To reconstruct your original matrix just add up the outer products of U
and V
, weighted by the entries of s
. That is, you can get back a matrix whose entries are approximately equal to the original by running:
np.sum([np.outer(U[:, i], V[i, :]) * si for i, si in enumerate(s)], axis=0)
Alternatively, you can upgrade the vector s
into a diagonal matrix and express the reconstruction of X
purely through matrix multiplications:
np.dot(U, np.dot(np.diag(s), V))
In many cases, when we are dealing with low-rank underlying data, many of the singular values will be extremely small or exactly zero. In this case, it is wasteful to perform the "full" SVD and can be advantageous to instead do a "truncated" decomposition (computing only k singular vectors).
Exactly how much slower is a full SVD vs. a truncated SVD? I performed the following quick experiment to find out:
- Generate 100 random matrices with rank 50, 1000 columns and a random number of rows between 100 and 5000
- Record how long it takes to decompose the matrix using one of:
- a full SVD with numpy.linalg.svd (which uses LAPACK under the hood)

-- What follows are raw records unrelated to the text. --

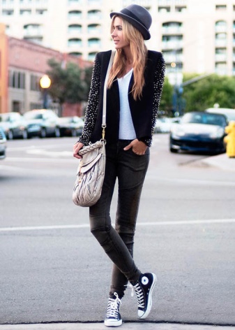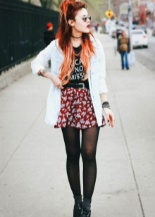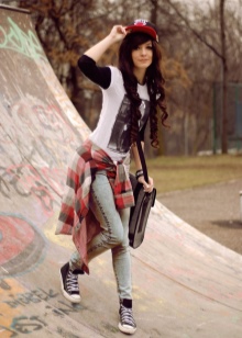 On top of the representatives of the youth subculture can wear various T-shirts or T-shirts with original prints. The image can be any, the main thing is that this detail of the wardrobe gives the image of spectacularity.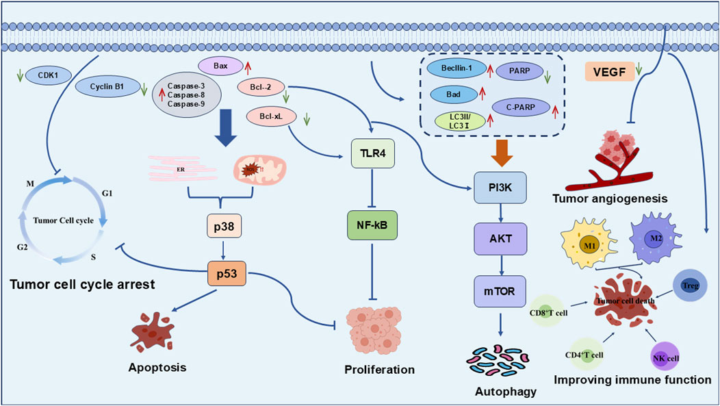Tumor cell proliferation refers to an abnormal and rapid process of cell division that bypasses normal growth regulatory mechanisms. It is characterized by autonomy, an accelerated cell cycle, evasion of growth inhibition, metabolic reprogramming, spatial heterogeneity, clonal evolution, and the ability to invade and metastasize, ultimately resulting in tumor formation and progression (Keibler et al., 2016). PSP has been explored for its effects on the human esophageal squamous cell carcinoma (ESCC) cell line Eca109 using in vitro assays at gradient concentrations of 50, 100, 200, and 400 μg/mL. This substantially attenuated the proliferative capacity of Eca109 cells by regulating TLR4 expression and inhibiting the NF-κB signaling pathway (Zhou et al., 2019b). Moreover, PCL significantly modulated the expression of apoptosis-related proteins, specifically increasing Bax levels while diminishing Bcl-xL and Bcl-2 expression. This alteration led to the excessive accumulation of ROS within the mitochondrial pathway, subsequently activating key signaling molecules such as p38 and p53. The resulting signaling cascade effectively suppressed the proliferation of human melanoma A375 cells, with an IC50 value of 15 μg/mL observed within 24 h (Liu et al., 2009a).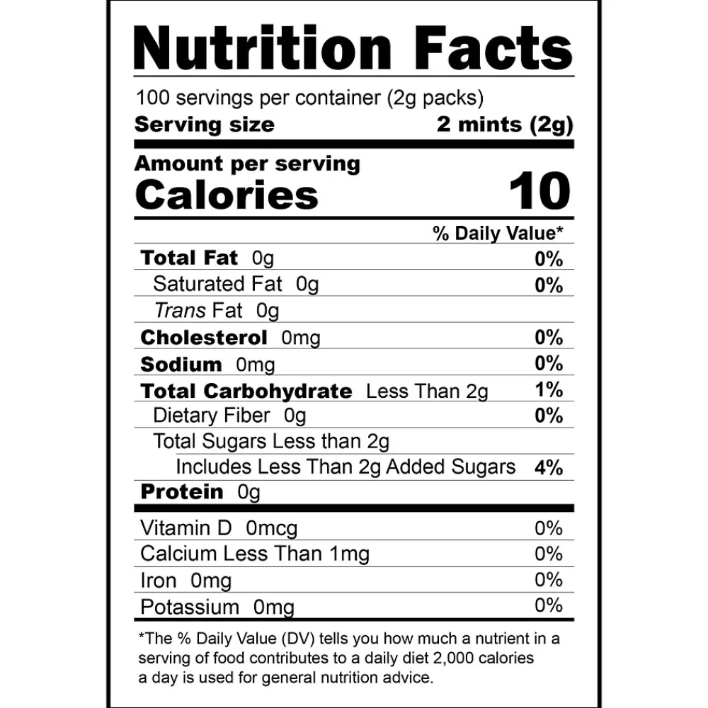- Box contains 100 individually wrapped mint packs (two mints per pack)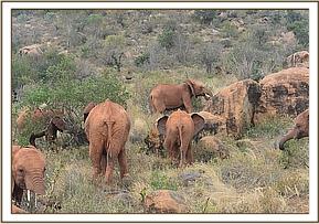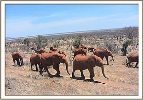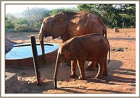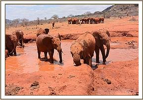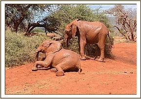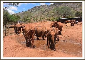 After enjoying the supplements, Kenia and Ndii were allowed by Sinya and Lempaute to lead led the orphans out to browse where the orphans spread out to browse. Ndoria lagged behind the others when they went to the water hole that afternoon, but came running after them to ensure that she got her share of milk. After the mudbath the orphans browsed peacefully until it was time to head back home in single file.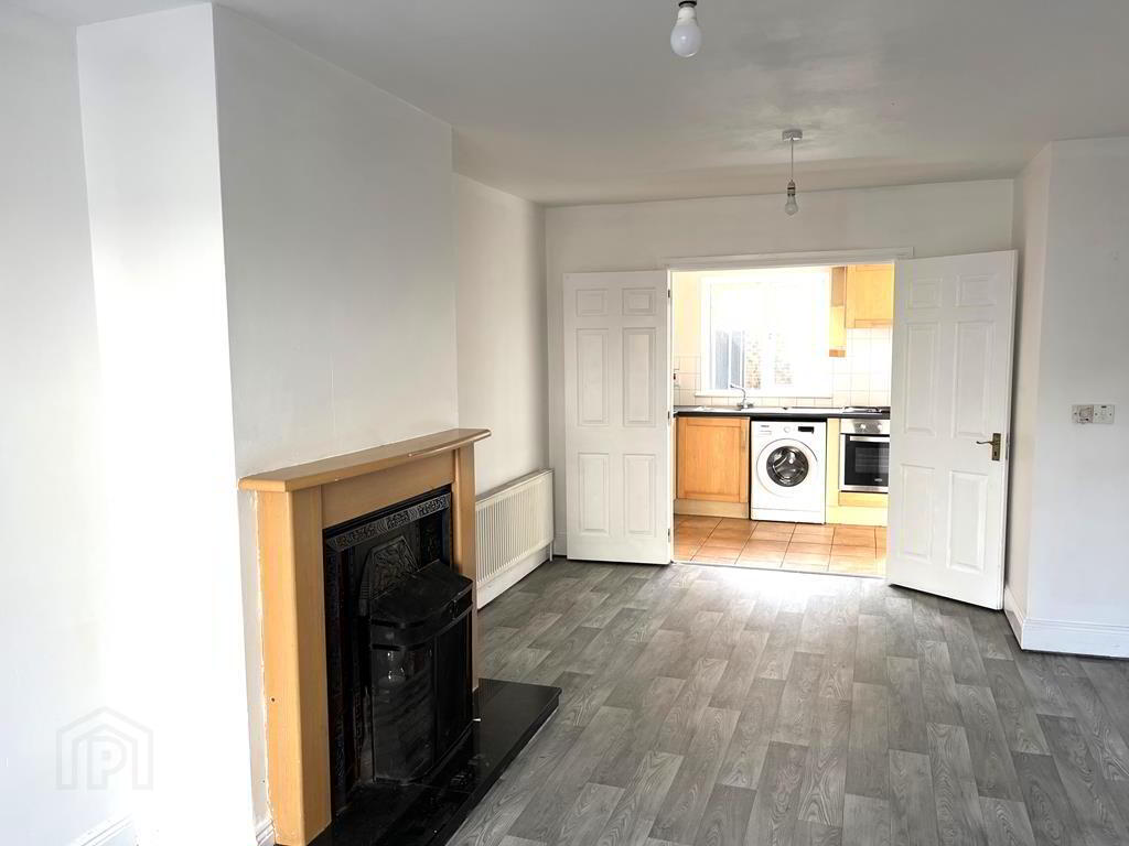 4.49m x 2.00m Floor & Eye level units, plumbed for washing machine, built in oven and hob, guest WC off, door to rear.
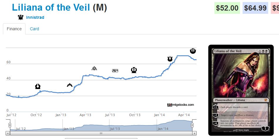 The price trajectory on Liliana of the Veil is even more impressive! A $20 investment could be netting you well over $50 now – a 200% gain! Foils have also jumped nicely.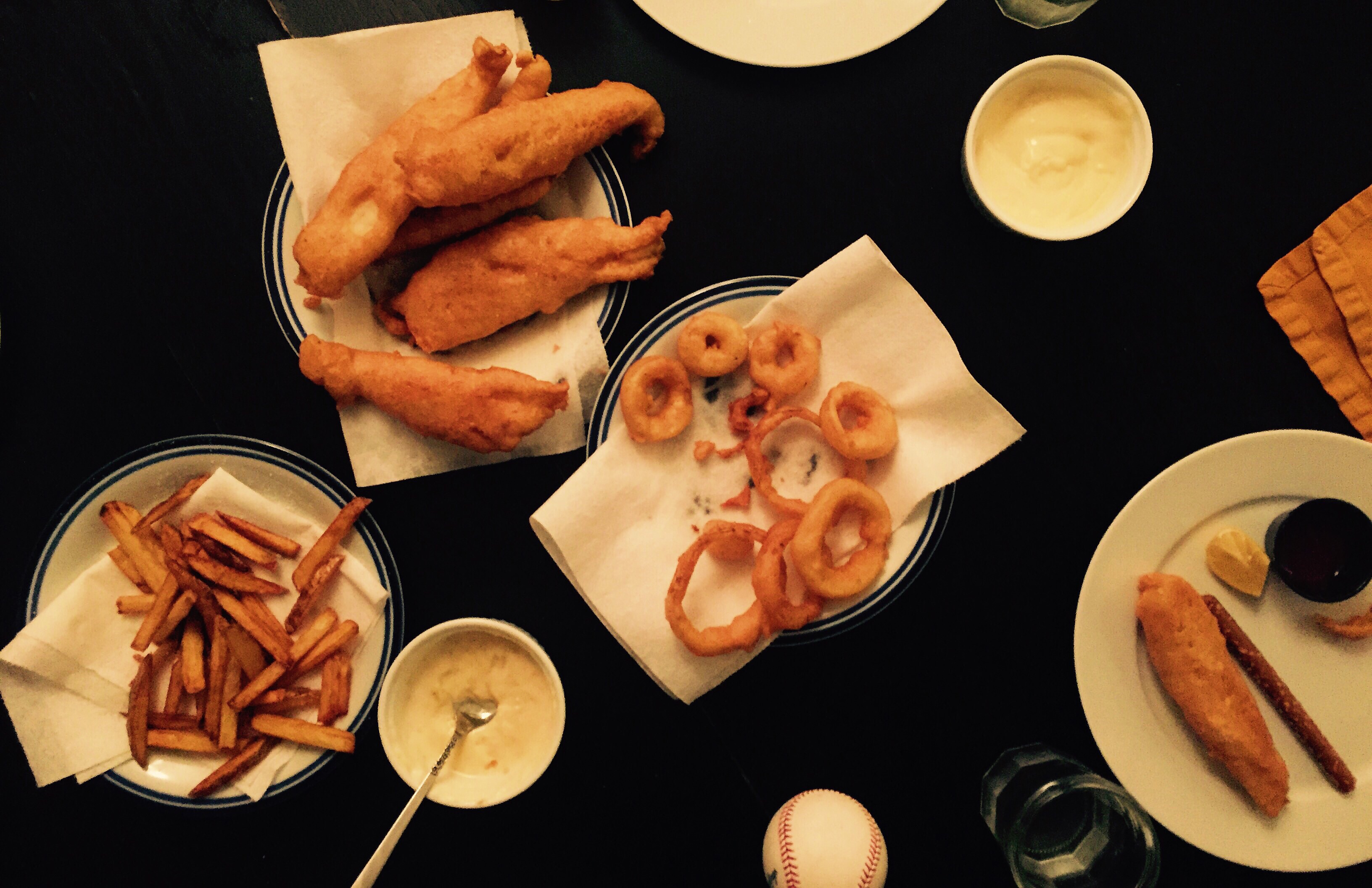 Beer-Battered Fish, French Fries, Onion Rings, Homemade Mayo & Tartar Sauce. George has been sleeping badly, which means I have been too, but in spite of that, he woke up in a great mood. I still had my eyes closed when he said, “Let’s do something else. Let’s throw a baseball up in the air.” I like that the baseball somehow ended up on the table at dinner that night. I’d been craving fish and chips for a while, and I had two tiny russet potatoes in the pantry and fish and a single beer in the fridge, but I didn’t have enough oil to fry all the things I wanted to fry. So we walked around the block to the Mexican grocery store near our house to pick up some more. We can’t go there without getting paletas and every time (every time!) the kids pick out the worst flavors. George got a baby blue bubble-gum flavored one that had two shiny gumballs shoved into the undercarriage of the thing. Henry got something yellow and tubular with the label “rompope” on it, which means nothing to me. It was an icy vanilla nightmare. Why yellow? I don’t know. But the kids ate them on the walk back to the house as the wind picked up and blew leaves off the trees in swirls around us. I had tons of leftover batter after frying the fish and used it to batter onion rings, which Henry went wild for. The fries were thrillingly good. The fish was ok.

- an exact low-rank SVD with sklearn.decomposition.TruncatedSVD using ARPACK
- an approximate low-rank SVD also with sklearn.decomposition.TruncatedSVD but using a faster randomized solver
- Ensure that the reconstructed matrix matches the original
Results
The truncated SVD (using either an exact solver or approximate randomized solver) can be many times faster than a full SVD. If you're decomposing a large dataset with known low rank, go ahead and use a truncated SVD. On the other hand, if you're uncertain about the rank of your matrix (and want to inspect a large spectrum of singular values), you'll have to wait for a full SVD instead.